1 comment February 12th, 2010 Headsman

February 12 is the anniversary of Lady Jane Grey’s beheading at the Tower of London. The Protestant teenager was the designated successor of sickly boy-king Edward VI, but popular and aristocratic support went for Mary Tudor in a landslide.

The Nine Days’ Queen landed in the Tower and copped to a treason charge on a tenuous deal for mercy (not applicable to her sponsors and allies, many of whom went to the block). But a January 1554 Protestant rebellion that had Lady Jane’s restoration as part of its programme made it a dangerous indulgence for Mary to keep her cousin’s neck attached to its shoulders.

On this auspicious anniversary, Executed Today is pleased to welcome Jane Grey expert J. Stephan Edwards, Ph.D. Dr. Edwards runs the Some Grey Matter site, and is working on a forthcoming book about our day’s famous beheadee.

ET: The conventional wisdom on Jane Grey is that she was basically destroyed by the machinations of the men around her. Is that a misapprehension? Was she more involved in events than she’s given credit for? Can one take seriously the notion that she didn’t want to be queen?

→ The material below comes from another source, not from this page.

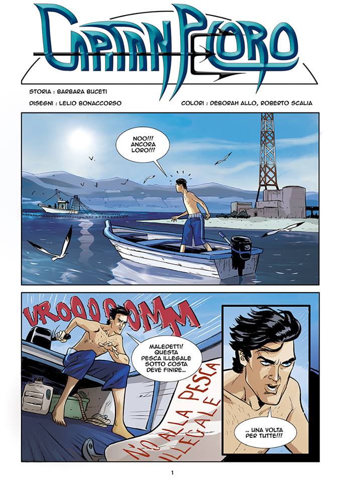 UN NUOVO SUPEREROE. A raccontare un eroe contemporaneo, ma che affonda le radici nel mito, è Lelio Bonaccorso, che ha dato forma all’idea di Nello Cutugno (presidente della Pro Loco Capo Peloro, che organizza l’evento) e alle storie di Barbara Buceti grazie anche ai colori di una coppia di giovani e bravi coloristi, Debora Allo e Roberto Scalia: “Ho sviluppato Capitan Peloro partendo dai supereroi dei fumetti, anche se la base sono i nostri miti dello Stretto, come Nettuno, Colapesce e, appunto, Peloro. Non è stato complicato, perché l’iconografia è classica così come, classici, sono altri elementi, ad esempio il blu del mare e il tridente di Poseidone. Ho però deciso di inserire anche un tocco di modernità: una tavola da surf che richiama Silver Surfer, eroe di riferimento insieme ad Acquaman”.

JSE: Having spent almost ten years researching the life of Lady Jane Grey Dudley and her very brief reign as Queen of England in July 1553, I am confident that she was not directly involved in the plans to make her Edward VI’s successor to the throne. At the same time, however, I am completely convinced that she was well aware of those plans at least six weeks before she actually became queen. And it is beyond question that she knew of the plan at least a week before her accession. Thus the standard mythology that portrays Jane as utterly unaware and totally innocent until the last possible second is just that … a myth.

I am similarly convinced that Jane accepted the crown after offering little more than perfunctory resistance. The crown offered a degree of personal independence that would otherwise have been unavailable to her. It also offered power. Despite Victorian-era storytelling to the contrary, Jane Grey Dudley was very much a product of her own age, and that was an age of widespread personal ambition, of duty to both family and God to advance one’s self and one’s family. It would have been a deep betrayal of her family and of social norms actually to refuse such an exalted position.

In the act of accepting, she is recorded to have asked God for some sign that she should refuse, paused for a moment, and receiving no such sign, she accepted. Further, Jane was apparently an adherent to the Calvinist doctrine of predestination, the idea that all things, including our daily lives, are preordained and known to God, and as humans we are powerless to alter God’s plan. Having prayed to God for a sign that she should refuse the crown and receiving none was no doubt to her an indication that her God’s preordained plan was for her to be Queen of England. She therefore accepted without offering further resistance of any kind.

Further, there is ample evidence to show that Jane fully embraced her new status. She signed dozens, perhaps hundreds, of documents with her own hand rather than relying on a privy secretary to sign in her stead (common practice in the reigns of Henry VIII and Edward VI before her). This indicates active and positive involvement in affairs. And on more than one occasion, she countermanded the orders of her council, imposing her own will upon them, again evidence of an intent to rule.

Was she “destroyed by the machinations of the men around her”? I think perhaps there is a better way to phrase it. Jane Grey Dudley lived in an era when women were second class citizens with few legal rights and virtually barred from public affairs. Yet the circumstances of July 1553 mandated that a woman must assume the throne, however much that contradicted 400 years of established English practice. If anything, Jane Grey Dudley was a pawn in a political chess game in which the players, all male, searched desperately for a male king, yet all they had at hand were potential queens. The male players at the chess board were simply struggling with the pieces they had available and trying to make the best of an unfamiliar and even frightening situation. They failed, and Queen Jane was one of the unfortunate pieces swept from the board.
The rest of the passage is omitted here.